Truth 20/20: An Online Conference

Truth 20/20
July 27 – August 6, 2020
View conference program

About the conference

Truth 20/20 brings together a community of scholars united by an interest in understanding truth. The year 2020 is unlike any in recent memory. We face the novel coronavirus pandemic as well as an ongoing pandemic of misinformation driven by political propaganda, fake news, personalized social media, and the politicization of basic facts. As the coronavirus pandemic has spread across the globe, we have been forced to reinvent and reimagine how we interact with one another. Nowhere is this more perspicuous than in scholarly pursuits.

The coronavirus may have denied us the opportunity to meet face-to-face, but the advent of online synchronous meetings and events has created an opportunity both to meet in a responsible, socially-distanced manner and to expand the scope of the project, making it more accessible, available, and inclusive. Therefore, we have invited scholars at all career stages to present at a virtual meeting that highlights recent work on the nature and value of truth. The conference is free, and, since sessions will be held online, it will be open to anyone interested in philosophical debates about truth. We sincerely hope that established scholars, a broad range of students, and the interested public will attend.

Regrettably, because of the quick onset of the coronavirus pandemic, Truth 20/20 was unable to make an open call for papers and was obliged to invite scholars to present their research in an online forum.

 


Topic of the conference

Truth. Curators of the conference were forming a working research group on truth when the coronavirus pandemic began to spread, and the idea dawned on them that they should organise a virtual conference for summer 2020. After all, it has been a few years since a congress or international conference on truth has been convened.

Why people may be interested to attend… virtually

With the spread of the coronavirus, fewer and fewer institutions are likely to grant financial support for academic staff and students to travel domestically or internationally because of the high risk of contracting the virus. Moreover, northern hemisphere summers have traditionally been a time for academic staff and students to attend conferences because of the teaching recess. For these reasons, we have decided to organise a conference to satisfy the desire of scholars who have been left stranded sheltering in place because of the coronavirus pandemic.

From Truth 20/20 to VICTR

Truth 20/20 is just the beginning. The event serves to launch a regular series of meetings under the banner of the Virtual International Consortium for Truth Research (“VICTR”). However, VICTR will operate differently. We endeavour for VICTR:

  1. To give early-career researchers a platform in which they may share work with others who have similar, overlapping interests;

  2. To foster an environment that facilitates critical but constructive feedback for presenters; and perhaps most importantly;

  3. To promote greater gender and ethnic diversity in a core area of philosophical research.
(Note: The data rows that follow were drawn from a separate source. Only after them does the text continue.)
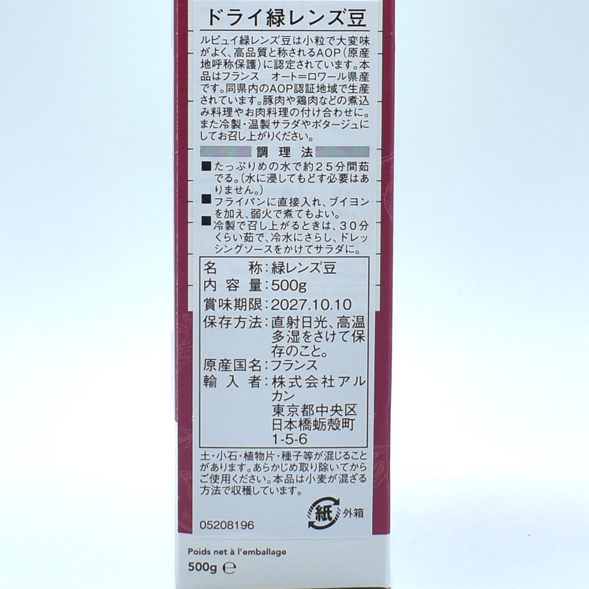 フランス・オーヴェルニュ地方で伝統的に栽培される「ル・ピュイ産緑レンズ豆」です。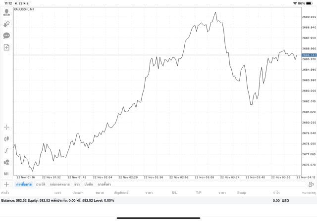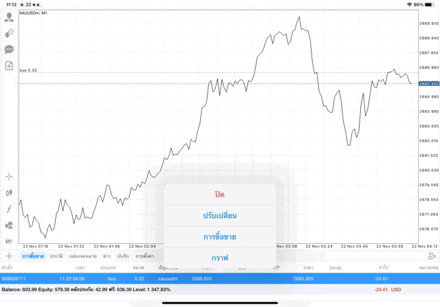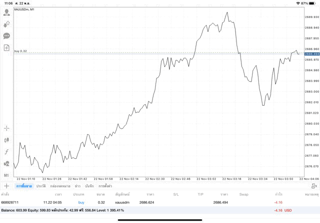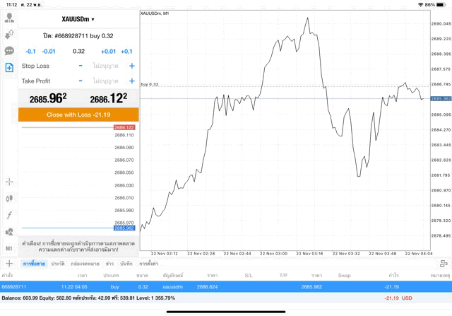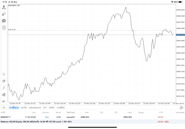 การเทรด XAUUSDm (ทองคำ) 0.32 lot แอพ Mt4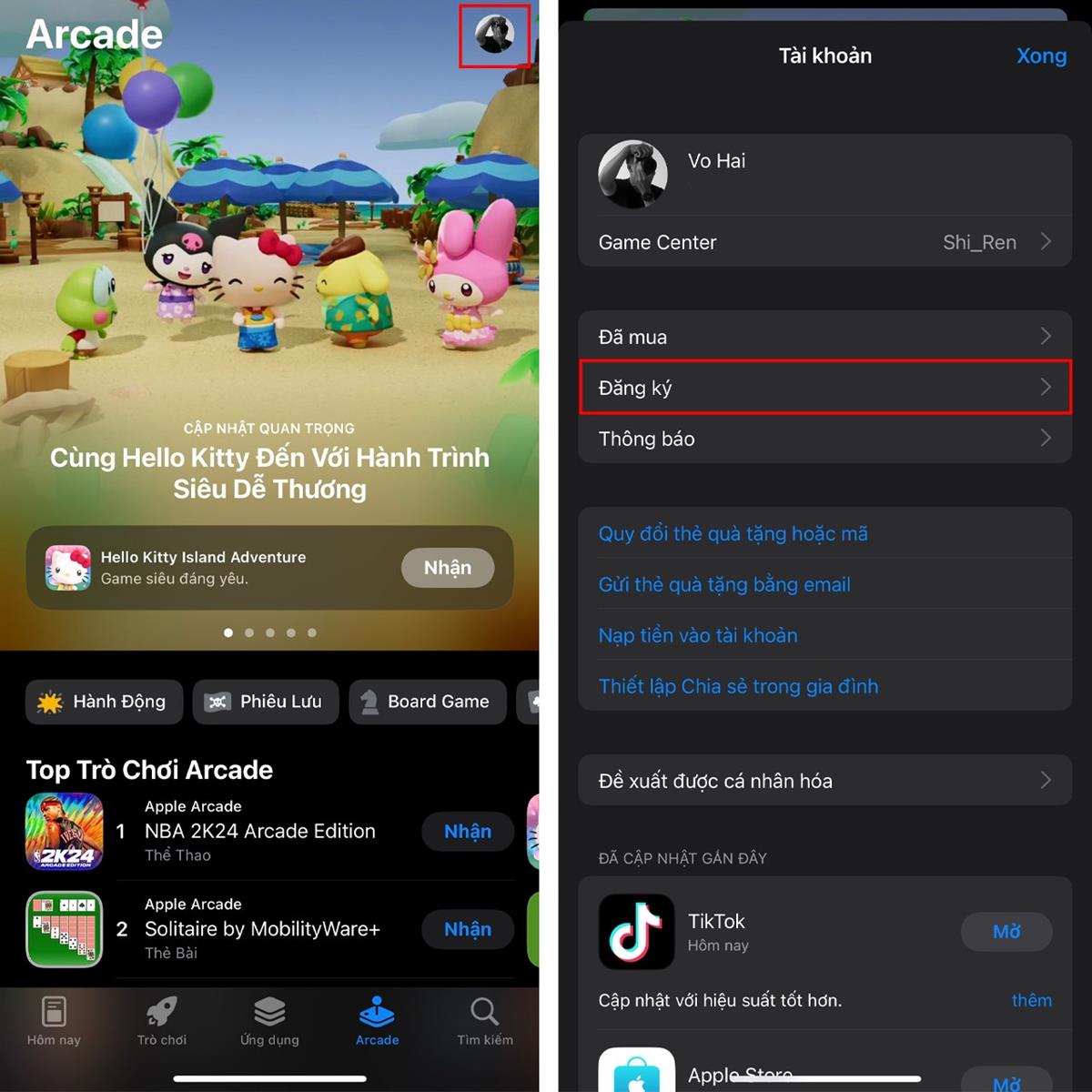 Bước 1: Đầu tiên, hãy truy cập vào ứng dụng App Store > Tiến hành chọn vào biểu tượng hồ sơ ở phía trên góc phải màn hình > Nhấn chọn Đăng ký.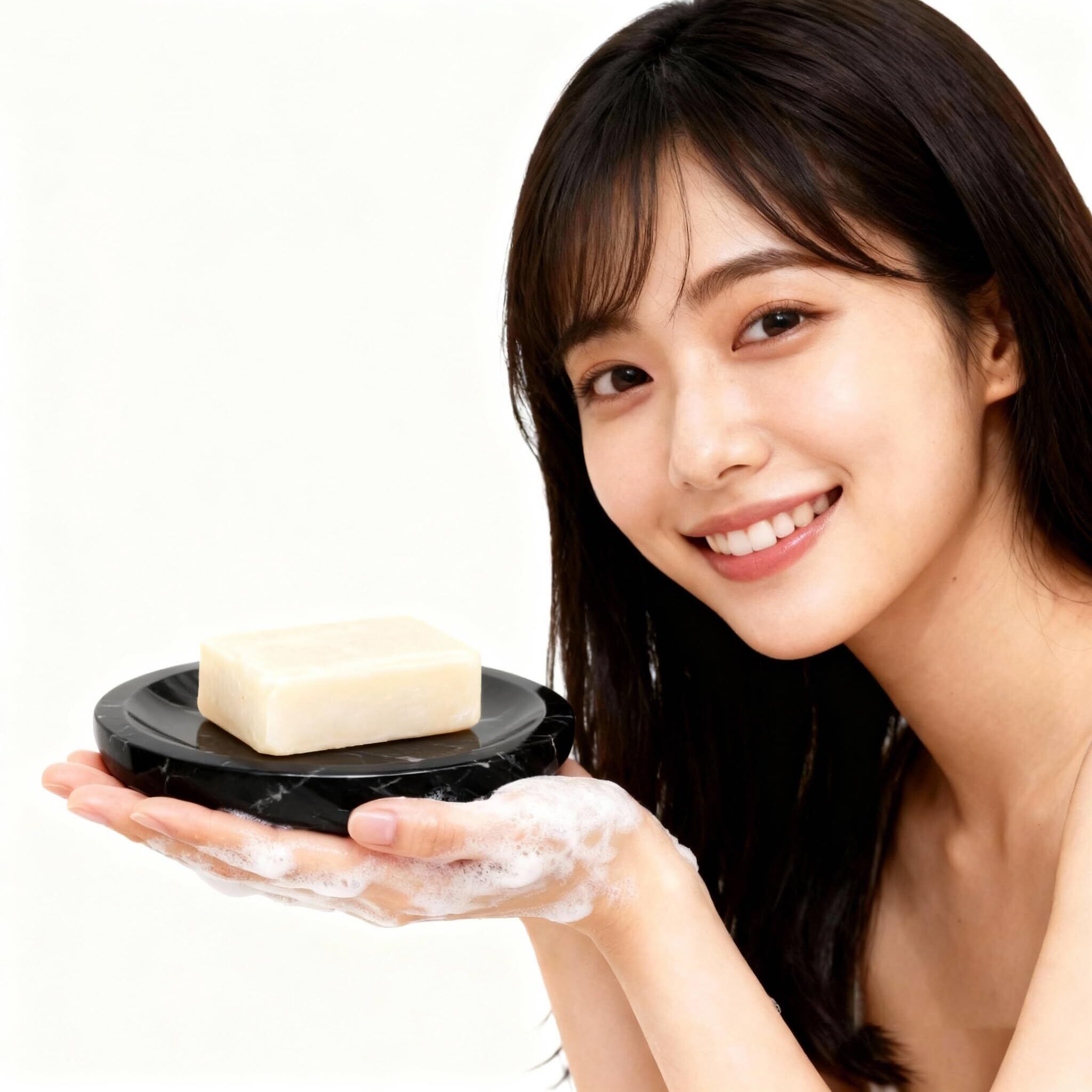 天然素材の作品:一つ一つが天然大理石で作られており、色や模様がそれぞれ異なるため、一点ものとなっています。不規則な木目により、黄褐色や白色の部分にばらつきが生じる場合がございますが、ソープディッシュはそれぞれが一点ものの天然芸術品です。サイズと重量はすべて手作業で計測しているため、若干の誤差が生じる場合がございます。
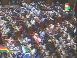 Al promediar las 13:30 horas de este sábado 22 de enero se dio inicio a la Sesión de Honor de la Asamblea Legislativa Plurinacional en homenaje al primer año de creación del Estado Plurinacional.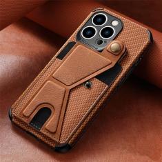 Carteira de fibra de carbono com suporte para cartão capa de telefone para iPhone 13 12 Mini 14 11 Pro XS Max XR X 7 8 6 6s Plus SE 2 3 Capa de couro, marrom, para iPhone 12 Mini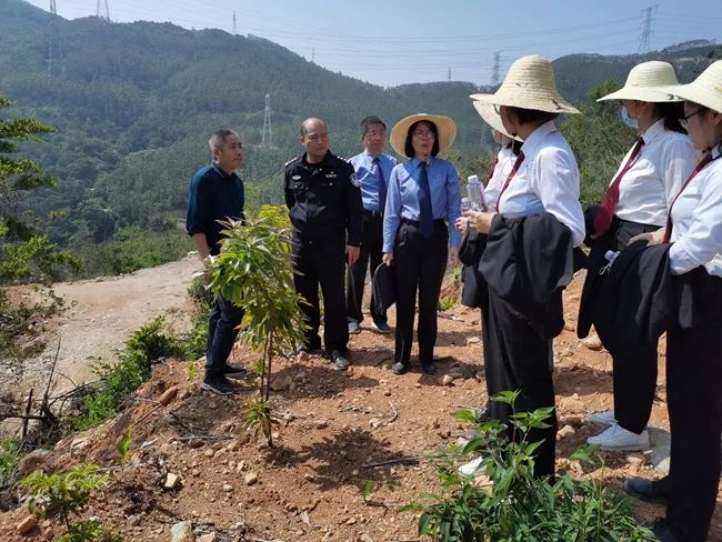 涵江区法院、检察院、公安局、自然资源局等部门联合对涉林生态案件补植复绿现场踏勘。莆田市公安局涵江分局供图

VICTR will not restrict contributions to the nature of truth. Curators would like for the working group not to be siloed and certainly want to avoid the creation of yet another echo chamber. Because of this, we conceive of scholarship on truth very broadly to include: the nature of truth; truthlikeness and verisimilitude; truthfulness; trustworthiness; honesty; propaganda; politics and political truth; and post-truth and alternative facts.

Truth 20/20 and the Future of Truth

Philosophers have become increasingly aware of how understanding the nature of truth requires appreciating its role in our thought, our language, our society, and our own lives. Modern technology has broken down barriers that once prevented access to information, but the darker side of this change is well-known. It has delivered a flood of misinformation, disinformation, bald-faced lies, and falsehoods to an underprepared general public. Often unwittingly, we have replaced old barriers with new ones by confining ourselves to echo chambers of opinion and epistemic bubbles of shared tribal convictions.

Truth 20/20 includes not only cutting-edge contemporary philosophical work on what it means for something to be “true,” but also historical reflection on how philosophical thinking about truth has developed over the past one hundred years or so. It connects with the Future of Truth project’s mission to investigate “what truth is now and if, and how, it will matter in the future.” The connection is precisely what one would expect from scholarship in the humanities: engagement with big questions about human life that have affected us in the past, concern us now, and will be confronted in the future. Such engagement includes considering and appreciating these questions from diverse, historical perspectives while aiming to improve our approach to perennial philosophical questions.

Asynchrony and Accessibility

We aim for the presentations to be accessible to everyone. An online conference with participants in widely dispersed time zones makes it desirable to incorporate asynchronous communication. We hope presenters will agree to have their talks recorded and made available for a limited time online. We also hope they will participate in the online discussion of their talks for a week or so after the conference. Further, when the talks are made available online, they will be closed-captioned.